The protein encoded by this gene is a cell-surface glycoprotein involved in cell-cell interactions, cell adhesion and migration. It is a receptor for hyaluronic acid (HA) and can also interact with other ligands, such as osteopontin, collagens, and matrix metalloproteinases (MMPs). This protein participates in a wide variety of cellular functions including lymphocyte activation, recirculation and homing, hematopoiesis, and tumor metastasis. Transcripts for this gene undergo complex alternative splicing that results in many functionally distinct isoforms, however, the full length nature of some of these variants has not been determined. Alternative splicing is the basis for the structural and functional diversity of this protein, and may be related to tumor metastasis. [provided by RefSeq].
Function:
Receptor for hyaluronic acid (HA). Mediates cell-cell and cell-matrix interactions through its affinity for HA, and possibly also through its affinity for other ligands such as osteopontin, collagens, and matrix metalloproteinases (MMPs). Adhesion with HA plays an important role in cell migration, tumor growth and progression. Also involved in lymphocyte activation, recirculation and homing, and in hematopoiesis. Altered expression or dysfunction causes numerous pathogenic phenotypes. Great protein heterogeneity due to numerous alternative splicing and post-translational modification events.
Subcellular Location:
Membrane.
Tissue Specificity:
Isoform 10 (epithelial isoform) is expressed by cells of epithelium and highly expressed by carcinomas. Expression is repressed in neuroblastoma cells.

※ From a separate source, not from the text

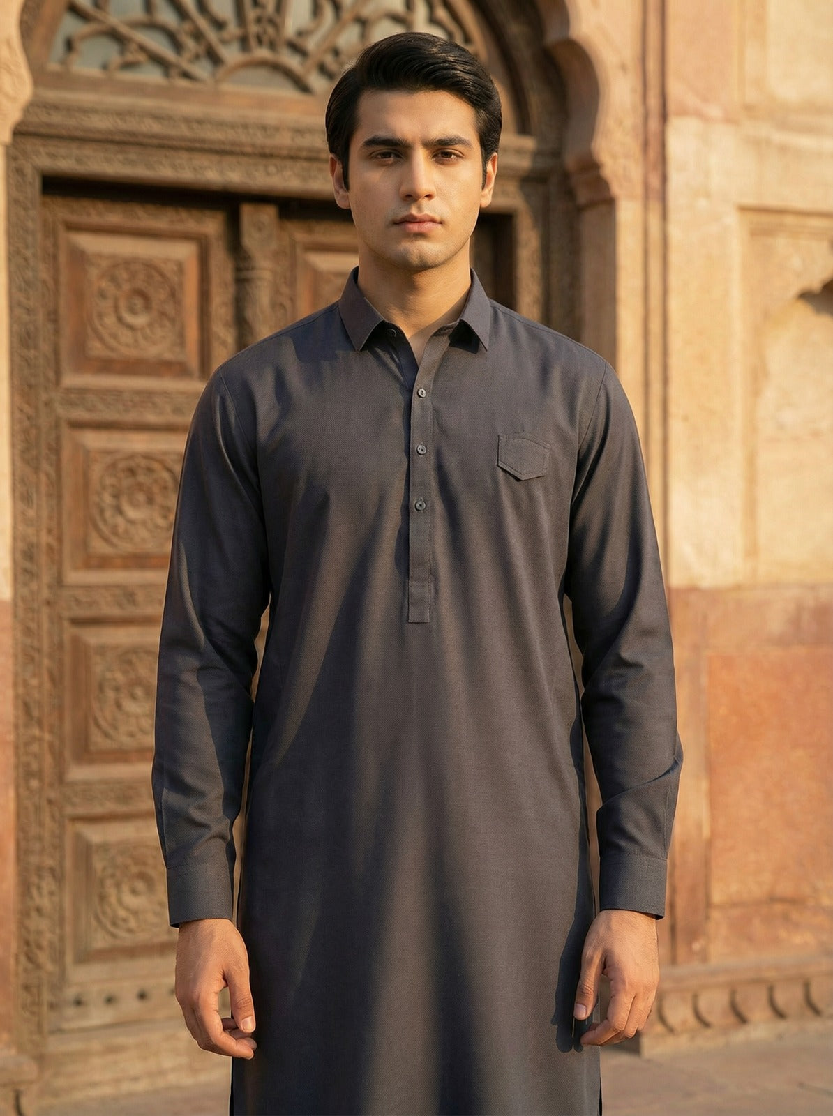 Transition effortlessly from casual to semi-formal with this charcoal kurta featuring a modern shirt-collar design. The addition of a functional chest pocket adds a utilitarian touch to its sleek, urban aesthetic. The Wash & Wear fabric ensures you stay sharp and composed, making it a go-to choice for the busy professional.

Post-translational modifications:
Proteolytically cleaved in the extracellular matrix by specific proteinases (possibly MMPs) in several cell lines and tumors.
N-glycosylated.
O-glycosylated; contains more-or-less-sulfated chondroitin sulfate glycans, whose number may affect the accessibility of specific proteinases to their cleavage site(s).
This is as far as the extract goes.